The present invention relates generally to wireless broadcast transmissions and more particularly to a method for power consumption by an IEEE 802.11 client station containing both a Voice-over-Internet Protocol and an Internet Protocol paging application.
An IEEE 802.11 client station having both Voice-over-Internet Protocol (VoIP) and Internet Protocol paging applications must receive unicast VoIP messages, broadcast Address Resolution Protocol, or ARP, messages, and IP Multicast “paging” messages. In a typical computer network, unicast VoIP operation is a communications transmission between a single sender and a single receiver over a network.
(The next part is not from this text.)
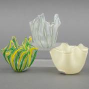Drie diverse glazen 'zakdoek' vaasjes, ontwerp Fulvio Bianconi en Paolo Venini, uitvoering Venini, Murano, midden 20e eeuw, twee gemerkt, 8,5 cm hoog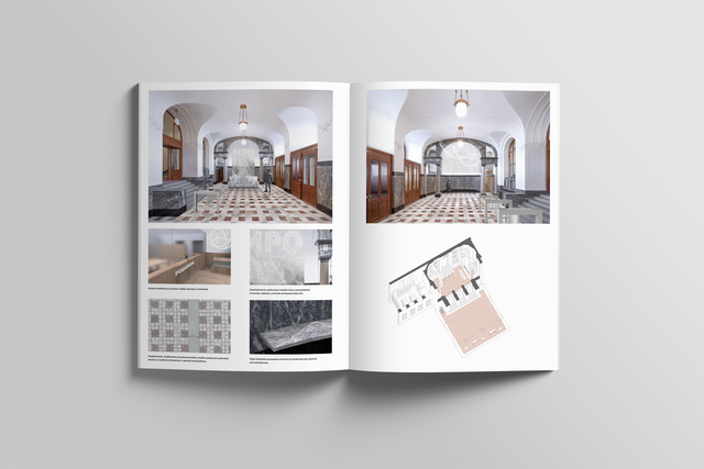 In the last step, I present student alternative projects and also my project, a winner in a public architectural competition for the reconstruction of the vestibule and entrance areas of the Ministry of Industry and Trade in Prague, in which I work with tree values freedom, equality and control in architectural way.

In contrast to the unicast transmission of VoIP, paging is typically a multicast operation. Multicast is a technique that allows data, including data encapsulated in packet form, to be simultaneously transmitted to a selected set of destinations. Some networks, such as Ethernet, support multicast by allowing a network interface to belong to one or more multicast groups. In some applications of multicast, identical data is simultaneously transmitted to a selected set of destinations in a network, without obtaining acknowledgement that the transmission was received by the recipient devices. Multicast transmissions are also capable of being sent to a multicast address, which is typically a routing address that is used to address, i.e., designate, simultaneously all the computers in a group and usually identifies a group of computers that share a common protocol, as opposed to a group of computers that share a common network.
Thus, while multicast has a single sender and multiple recipients, unicast has but a single sender and a single recipient. Similar to multicast, broadcast operation is the transmission of signals that may be simultaneously received by stations that typically make no acknowledgement of the receipt of the transmission.
Address Resolution Protocol is a communications protocol used to map a selected Internet Protocol (IP) address to a preset Media Access Control (MAC) address. ARP matches higher-level IP addresses to the physical addresses of the destination host. It uses a lookup table (called an ARP cache) to perform the translation. When the address is not found in the ARP cache, a broadcast is sent out on the network with a special format called the ARP request. If one of the machines on the network recognizes its own IP address in the request, it sends an ARP reply back to the requesting host. The reply contains the physical hardware (MAC) address of the receiving host. The requesting host stores this address in its ARP cache so that all subsequent datagrams to this destination IP address can be translated to a physical address.
A Traffic Indication Message (TIM) may be found in an 802.11 Beacon Frame which is transmitted from an 802.11 access point (AP). In essence, a TIM is used by access points to tell power-save client devices that one or more unicast packets are waiting for them. A TIM consists of an array of bit flags, with one bit flag for each client associated with the AP. An AP sets a station's TIM bit to “1” if it has one or more frames buffered for the client. An AP sends Beacons at fixed intervals. If an 802.11 power-save station only needs to receive unicast frames, it can wake up to receive a Beacon, check its TIM bit, and immediately return to a “sleep” mode if the TIM bit is set to “0”.
A Delivery Traffic Indication Message (DTIM) is contained in DTIM Beacons sent by access points. If a power-save station associated with an AP, then the AP buffers broadcast and multicast frames and sends the buffered frames to associated stations immediately following a DTIM Beacon. If a power-save station must receive broadcast or multicast frames, then it must wake up for each DTIM Beacon transmission and it must stay awake until the last broadcast/multicast frame is transmitted, following the DTIM Beacon.
Proxy ARP refers to a method wherein an AP sends an ARP Reply, on behalf of an associated station, when the AP receives and ARP Request directed to the associated station. Proxy ARP enables a power-save station to sleep during the broadcast/multicast period, following a DTIM Beacon, if it does not need to receive any of other multicast or broadcast frames.
Previous attempts to implement proxy ARP 802.11 VoIP phone applications have been met with limited success. Such uses of the proxy ARP has enabled the VoIP phone to sleep, or operate in power-save protocol mode, during lengthy broadcast/multicast transmissions. However, this mechanism, by itself, is not usable for an 802.11 VoIP/Paging device insofar as the paging application requires the phone to remain active following the DTIM to receive other multicast transmissions.
A problem associated with an 802.11 client device supporting both VoIP and paging applications is that the radio power consumption in an 802.11 VoIP phone is much higher than the radio power consumption in a cellular telephone. The greater drain on energy has limited the application of both VoIP and paging into a single device. Power-save stations must stay awake, for the duration of the multicast delivery period, to receive multicast transmissions. As a result, broadcast/multicast transmissions can reduce battery life in power-save stations.
Thus, there exists a need for a system and method to provide an effective power-save solution for combined VoIP/paging applications.